Girl: *blowing kisses to boyfriend across the room*
Me: *runs in and swats kisses out of the air*
If you’re burglarizing a home and the owner walks in, defuse the situation by saying, “I seriously love your place”
I’m no legal expert, but I’m pretty sure people who walk up and stand suuuuper close to you in line are actually supposed to go to jail instead
You can’t change a person unless they wear adult diapers
Me: I’m pregnant
Him: OH NO
Me: with emotion
Him: oh, whew
Me: because there’s a baby inside me
Let the bodies hit the floor?

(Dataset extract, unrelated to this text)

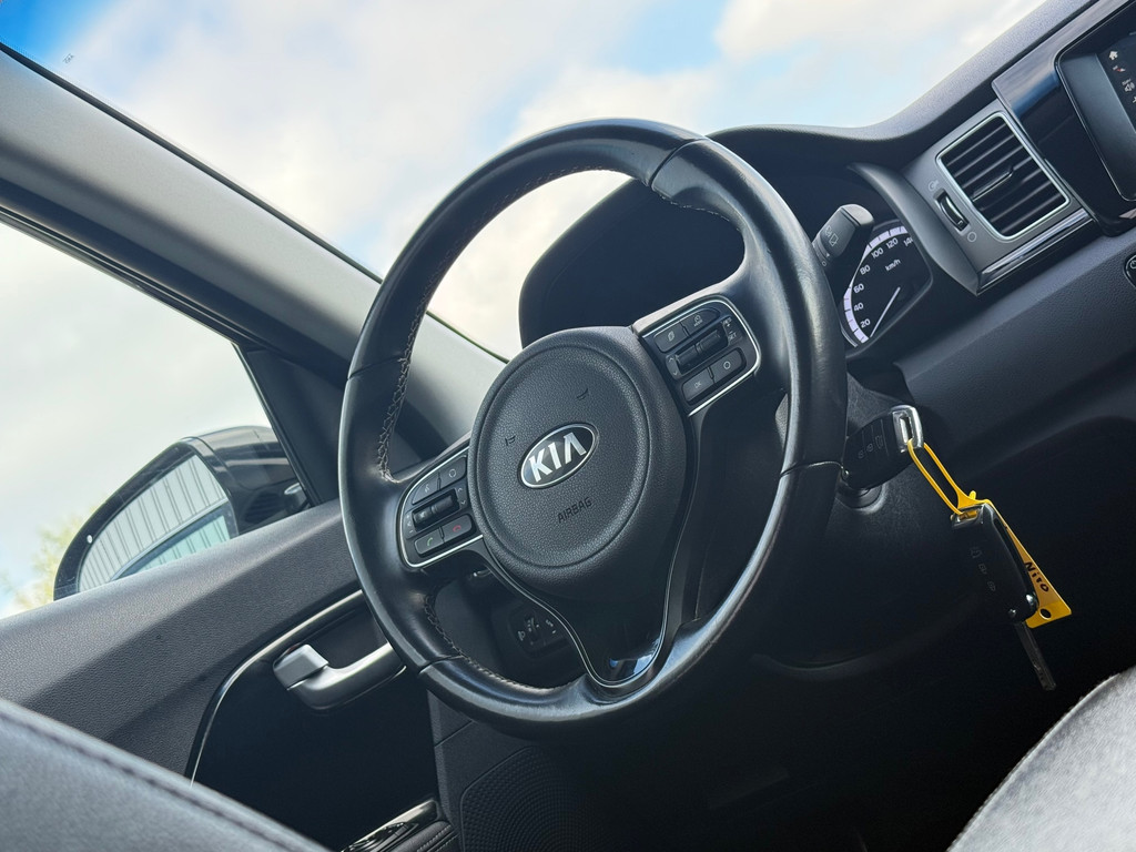 Onder alle omstandigheden perfect zicht op wat zich achter de auto afspeelt: de achteruitrijcamera zorgt ervoor! Het audiosysteem met DAB-ontvangst en het navigatiesysteem bedient u veilig met knoppen op het stuur. Electronic climate control verwarmt of koelt het interieur met een druk op de knop. In deze Kia kunt u zich concentreren op het verkeer, terwijl de auto de omgeving voor u in de gaten houdt. Een automatisch inschakelbare verlichting zorgt dat de verlichting aangaat als het donkerder wordt - in tunnels bijvoorbeeld - en de regensensor schakelt de ruitenwissers in als het nodig is. U hoeft er niets aan te doen. De cruise control vermindert het brandstofverbruik en vergroot het comfort. U bent in deze Kia ook voorzien van automatisch dimmende binnenspiegel, lederen stuur, centrale deurvergrendeling met afstandsbediening en lederen versnellingspook.
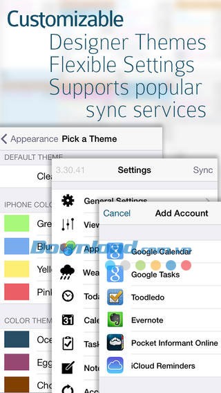 Đồng bộ hóa dữ liệu với các dịch vụ đám mây phổ biến như Google, Toodledo và Evernote .

Ok but first let me put down some plastic this is new carpet I don’t want to ruin it my mom will be pissed
*spider-man pacing the ceiling while Mary Jane is in the bathroom taking a pregnancy test*
*Toddler walks up, kisses my knee, turns away*
“Aw! Aren’t you sweet?”
*Toddler kisses refrigerator, cabinet door and dishwasher*
“Oh.”
Always remember, no matter how bad things get, there’s an animal in the world that would love to be sitting curled up in your lap. Maybe it’s a dog. Maybe it’s a cat. Maybe it’s that weird person from Tinder, but nevertheless…
took my friend to the museum of natural history and she was like this is awesome it’s like being at the zoo but you don’t feel bad the whole time
It’s like my Granddad used to say “Sarcasm is not a good thing to bring to a gun fight either.”